We have determined the absolute timing of the Chandra clock for an observation of the Crab pulsar, taking into account all known effects. This determination is based on an intercomparison of the phase of the main pulse in the pulse profile between this Chandra observation and an RXTE observation made less than four days later, both referenced to the same Jodrell Bank timing ephemeris.

The final result is that there are 35 µs unaccounted for, with an uncertainty of approximately 12 µs.

Objective

We set out to compare the time stamps of Chandra event data, after all known corrections are applied, with absolute time and measure the discrepancy, if any.

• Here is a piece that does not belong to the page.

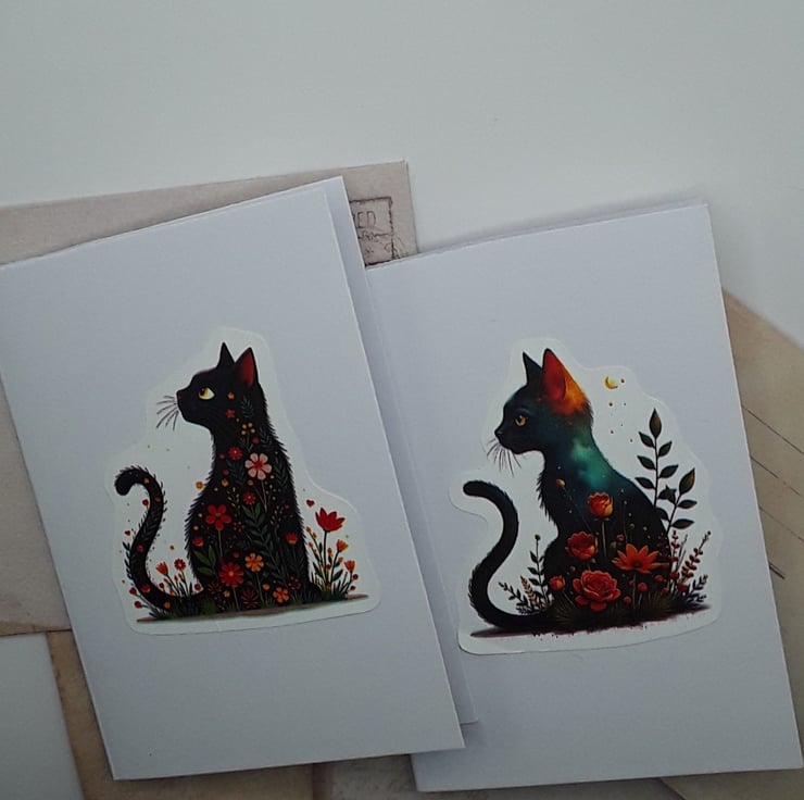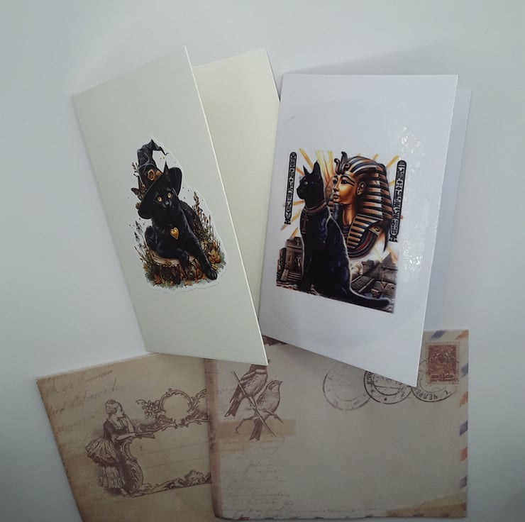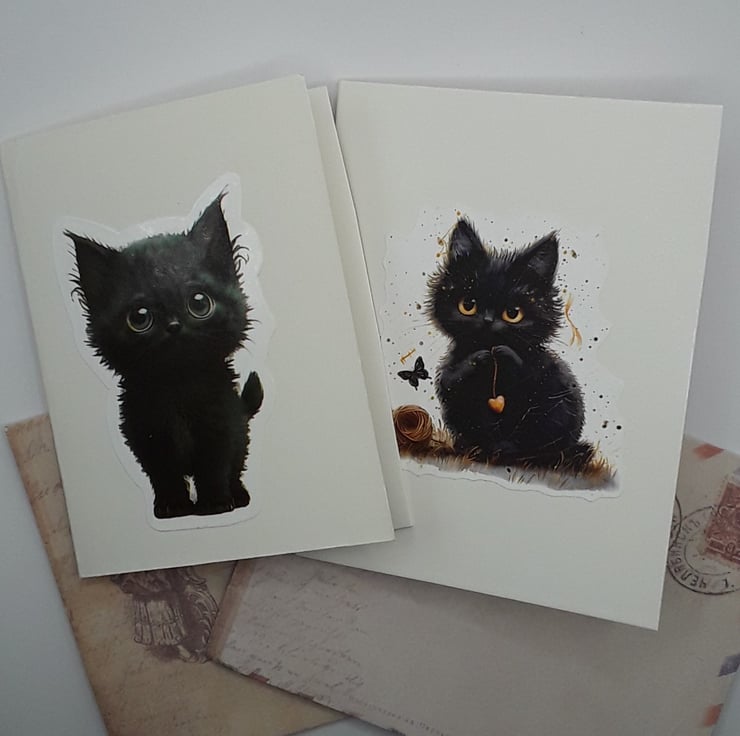 A set of 13 Lucky Black Cat Cards, with vintage style envelopes, size is approximately 9.5cm x 6.5 cm , a set of 13 magical lucky black cat mini notelet cards, the inside is blank for your own personal message.

Our method is to determine the absolute phase of the primary pulse of the Crab pulsar, derived from a Chandra observation, with respect to the standard Jodrell Bank timing ephemeris. We then do the same with an RXTE observation. Since the RXTE clock is known to keep accurate absolute time within 2 µs, the difference between the two phases yields the Chandra absolute time error.

Observations

We used a proprietary HRC timing observation of the Crab pulsar. The telemetry was saturated by about 50%. The time resolution of this observation is 15.6 µs.

Within four days, a regular RXTE Crab Pulsar monitoring observation of 1 ks was performed with a time resolution of 250 µs.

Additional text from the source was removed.